Department of Nuclear Medicine, Institut de Diagnòstic per la Imatge (IDI), Hospital General Universitari Vall d'Hebrón, Universitat Autònoma de Barcelona, Barcelona, Spain.
Department of Nuclear Medicine, Gammagrafía Corachan, Barcelona, Spain.
J Alzheimers Dis. 2018;61(1):321-332. doi: 10.3233/JAD-170693.
Recently, modifications of Aβ1-42 levels in CSF and plasma associated with improvement in memory and language functions have been observed in patients with mild-moderate Alzheimer's disease (AD) treated with plasma exchange (PE) with albumin replacement.
To detect structural and functional brain changes in PE-treated AD patients as part of a Phase II clinical trial.
Patients received between 3 and 18 PE with albumin (Albutein® 5%, Grifols) or sham-PE (controls) for 21 weeks (divided in one intensive and two maintenance periods) followed by 6-month follow-up. Brain perfusion assessed by SPECT scans using an automated software (NeuroGam®) and brain structural changes assessed by MRI were performed at weeks 0 (baseline), 21, and 44 (with additional SPECT at weeks 9 and 33). Statistical parametric mapping (voxel-based analysis, SPM) and Z-scores calculations were applied to investigate changes to baseline.
42 patients were recruited (39 evaluable; 37 analyzed: 18 PE-treated; 19 controls). There was a trend toward decreasing hippocampi and total intracranial volume for both patient groups during the study (p < 0.05). After six months, PE-treated patients had less cerebral perfusion loss than controls in frontal, temporal, and parietal areas, and perfusion stabilization in Brodmann area BA38-R during the PE-treatment period (p < 0.05). SPM analysis showed stabilization or absence of progression of perfusion loss in PE-treated patients until week 21, not observed in controls.

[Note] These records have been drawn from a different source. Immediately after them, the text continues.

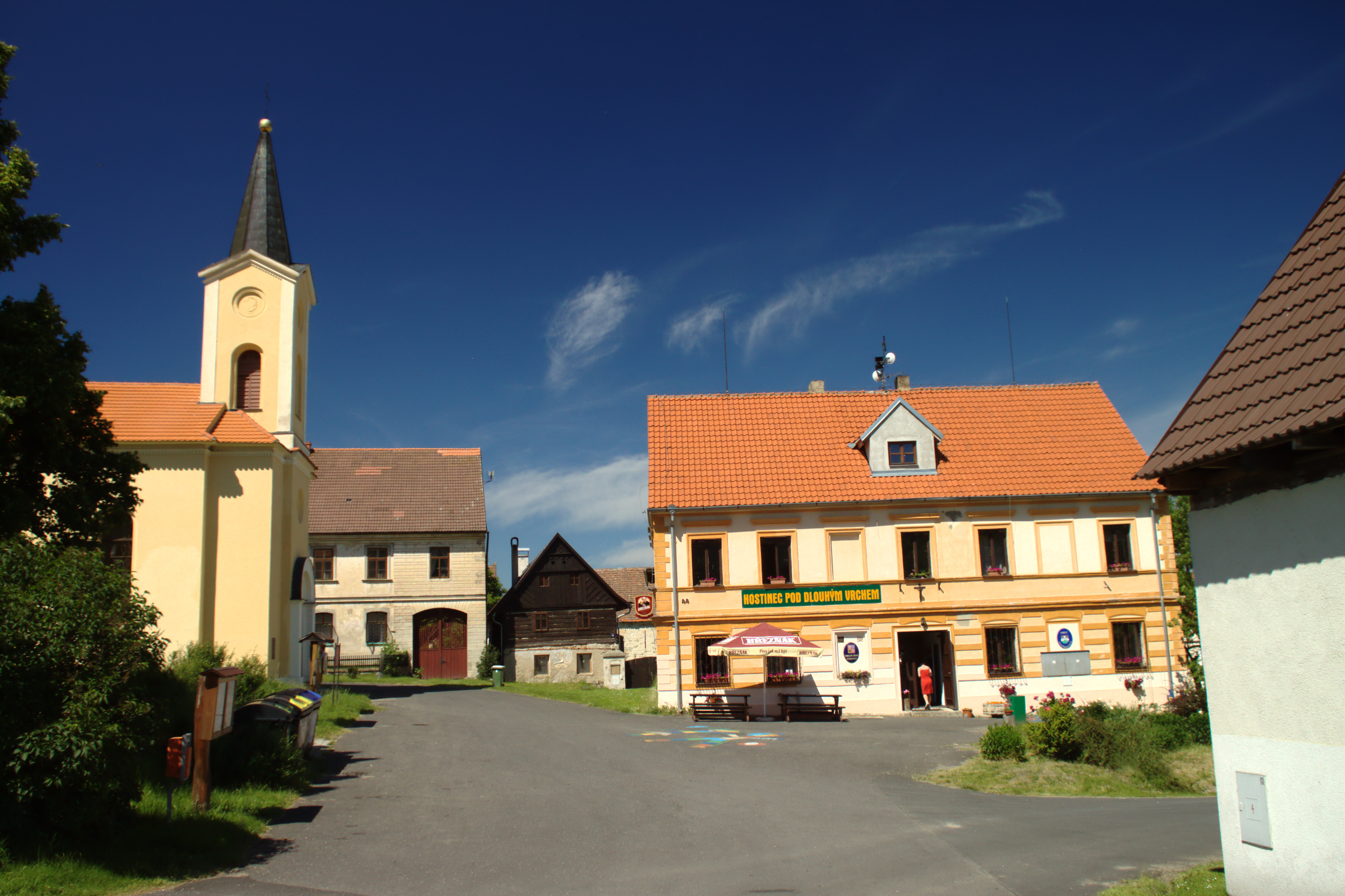 A church with a pub at a common in the village of Staňkovice, Ústí Region, CZ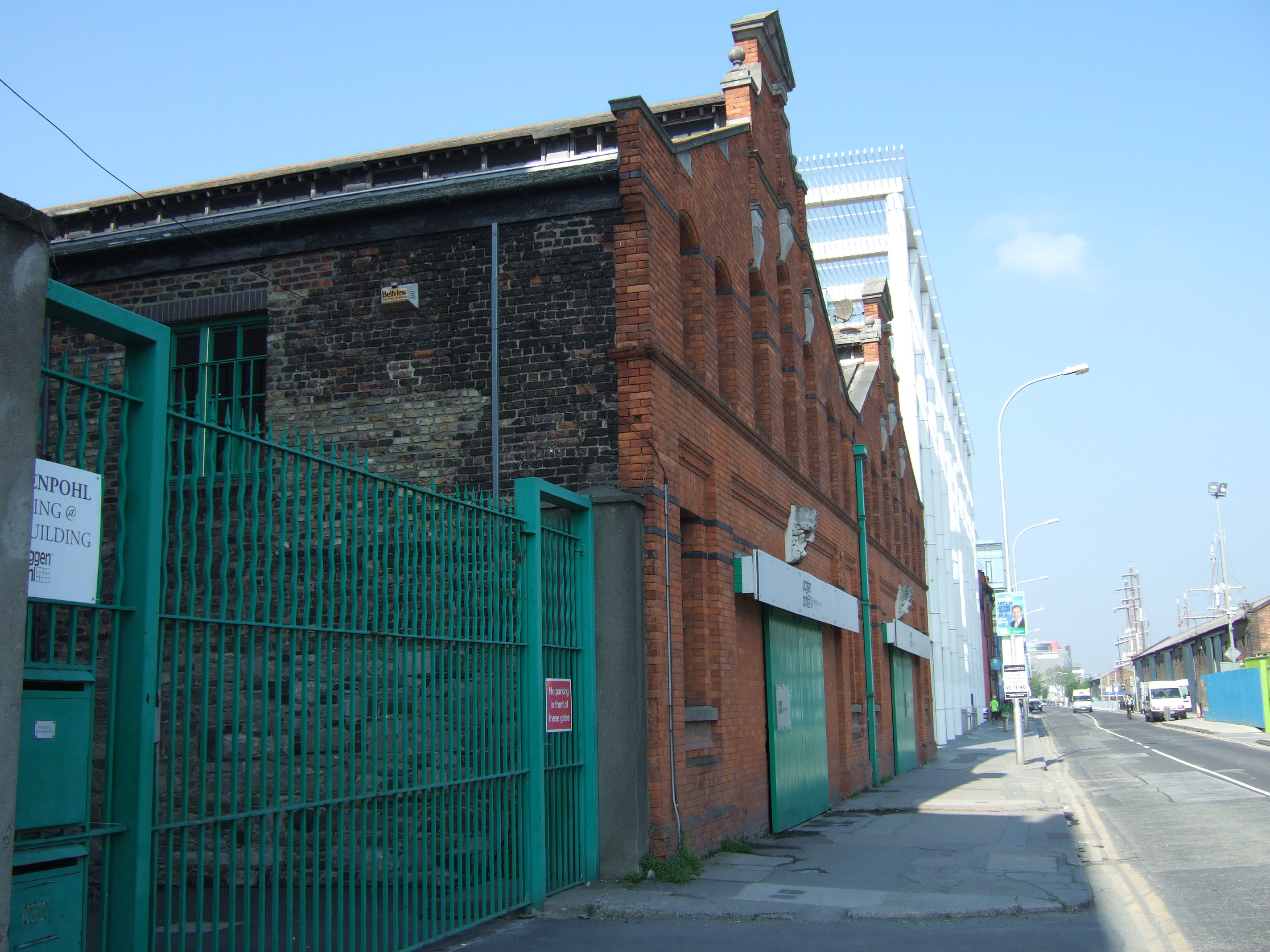 Principle Management of the Band U2 in Dublin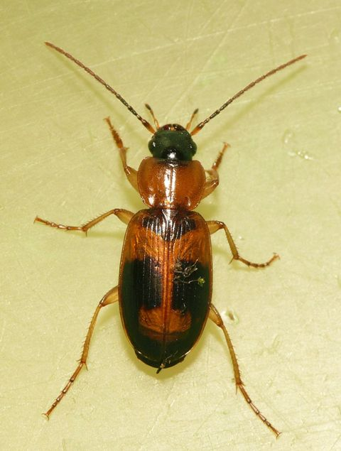 Badister lacertosus, location: The Netherlands - Wageningen - Plasserwaard

Mild-moderate AD patients showed decreased brain volume and impairment of brain perfusion as expected for the progression of the disease. PE-treatment with albumin replacement favored the stabilization of perfusion.

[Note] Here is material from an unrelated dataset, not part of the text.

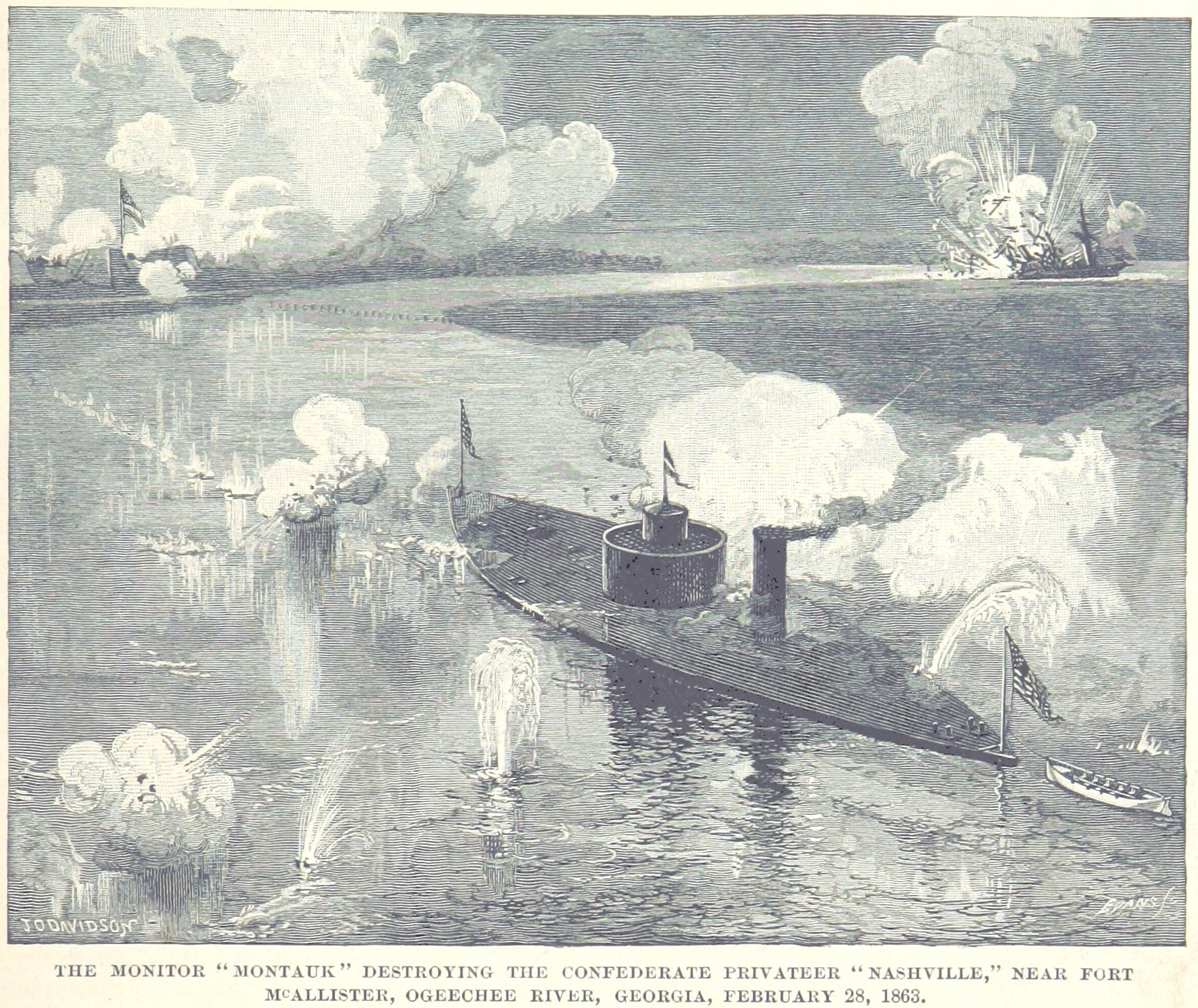 The monitor USS Montauk destroys the Confederate privateer Rattlesnake, formerly CSS Nashville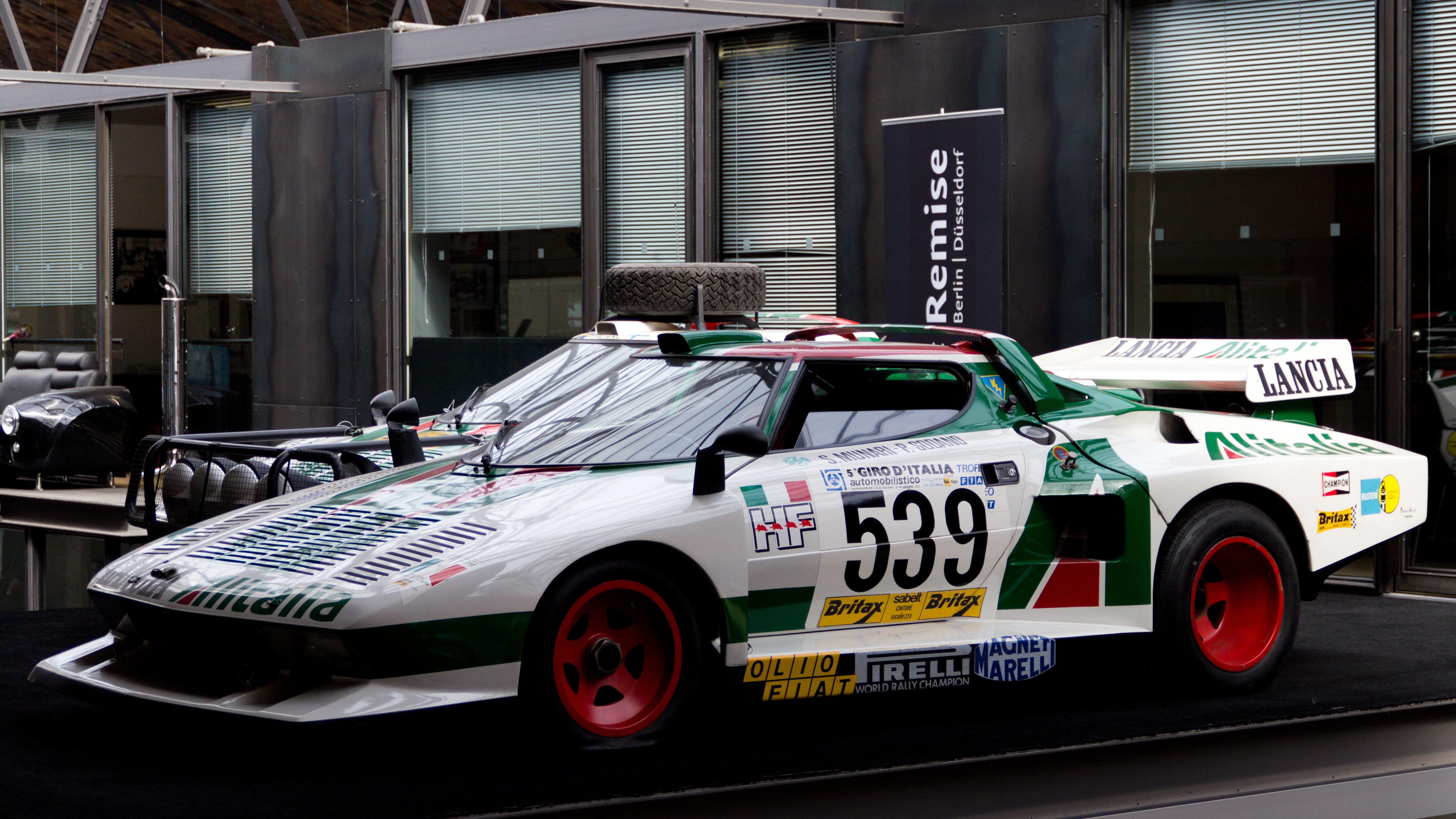 Lancia Stratos Turbo Group 5 on display at Classic Remise, Berlin.

最近,在接受白蛋白置换的血浆置换 (PE) 治疗的轻度至中度阿尔茨海默病 (AD) 患者中,观察到 CSF 和血浆中 Aβ1-42 水平的改变与记忆和语言功能的改善有关。
检测 PE 治疗 AD 患者的大脑结构和功能变化,作为 II 期临床试验的一部分。
患者接受了 3 到 18 次白蛋白 (Albutein® 5%,Grifols) 或假 PE (对照组) 的 PE 治疗,共 21 周(分为一个强化期和两个维持期),然后进行 6 个月的随访。使用自动软件 (NeuroGam®) 进行 SPECT 扫描评估脑灌注,使用 MRI 评估脑结构变化,在第 0 周(基线)、21 周和 44 周(在第 9 周和 33 周进行额外的 SPECT)进行评估。应用统计参数映射 (voxel-based analysis, SPM) 和 Z 分数计算来研究对基线的变化。
共招募了 42 名患者(39 名可评估;37 名进行了分析:18 名接受 PE 治疗;19 名对照组)。在研究期间,两组患者的海马体和总颅内体积都有下降的趋势(p<0.05)。六个月后,与对照组相比,PE 治疗组患者在额叶、颞叶和顶叶区域的脑灌注损失较少,并且在 PE 治疗期间 Brodmann 区域 BA38-R 的灌注稳定(p<0.05)。SPM 分析显示,PE 治疗组患者的灌注损失稳定或没有进展,而对照组则没有。
轻度至中度 AD 患者的脑体积减少,脑灌注受损,符合疾病进展的预期。用白蛋白替代物进行 PE 治疗有利于灌注的稳定。